EXERCISE PROMPT ::
In the data that follows, find the line with "This step-by-step guide"; transcribe it, every later line up to the one with "Παπουτσάκι αγκαλιάς sneaker", and that line as well, exactly and with no others.

INPUT RECORDS ::
[Start of Attachment]

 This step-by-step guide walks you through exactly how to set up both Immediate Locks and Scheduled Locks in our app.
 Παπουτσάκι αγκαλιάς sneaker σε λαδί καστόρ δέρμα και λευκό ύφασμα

[End of Attachment]
[Start of Attachment]

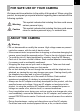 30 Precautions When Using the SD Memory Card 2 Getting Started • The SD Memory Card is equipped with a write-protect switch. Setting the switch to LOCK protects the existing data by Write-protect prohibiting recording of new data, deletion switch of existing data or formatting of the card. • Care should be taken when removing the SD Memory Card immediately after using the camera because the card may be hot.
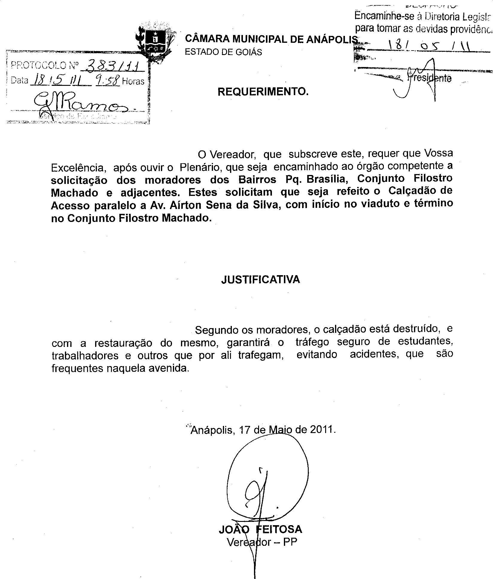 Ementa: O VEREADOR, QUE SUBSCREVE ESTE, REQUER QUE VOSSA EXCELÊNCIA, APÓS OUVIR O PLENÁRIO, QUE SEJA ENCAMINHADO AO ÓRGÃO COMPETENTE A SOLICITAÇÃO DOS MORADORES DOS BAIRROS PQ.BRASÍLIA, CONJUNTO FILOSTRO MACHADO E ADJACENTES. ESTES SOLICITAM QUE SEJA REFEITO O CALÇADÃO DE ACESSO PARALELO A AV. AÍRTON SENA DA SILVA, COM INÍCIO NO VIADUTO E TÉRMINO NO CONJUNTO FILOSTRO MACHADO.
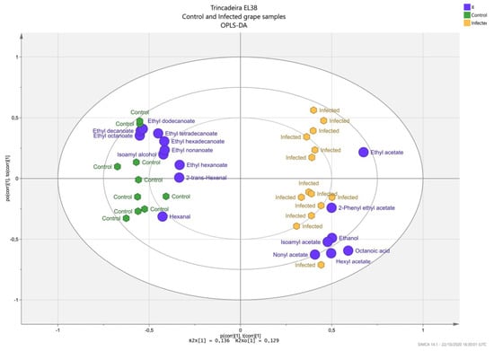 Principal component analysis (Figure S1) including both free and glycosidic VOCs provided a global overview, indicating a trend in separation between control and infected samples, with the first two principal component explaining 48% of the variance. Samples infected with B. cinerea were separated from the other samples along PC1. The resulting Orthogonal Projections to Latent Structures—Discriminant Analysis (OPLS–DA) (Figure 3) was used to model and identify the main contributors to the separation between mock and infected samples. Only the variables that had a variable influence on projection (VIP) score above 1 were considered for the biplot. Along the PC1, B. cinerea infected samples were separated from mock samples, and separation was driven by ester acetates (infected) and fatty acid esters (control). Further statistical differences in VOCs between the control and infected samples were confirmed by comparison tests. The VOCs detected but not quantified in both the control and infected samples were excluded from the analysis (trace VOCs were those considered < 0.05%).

[End of Attachment]

RESULT FOR THIS TASK ::
 This step-by-step guide walks you through exactly how to set up both Immediate Locks and Scheduled Locks in our app.
 Παπουτσάκι αγκαλιάς sneaker σε λαδί καστόρ δέρμα και λευκό ύφασμα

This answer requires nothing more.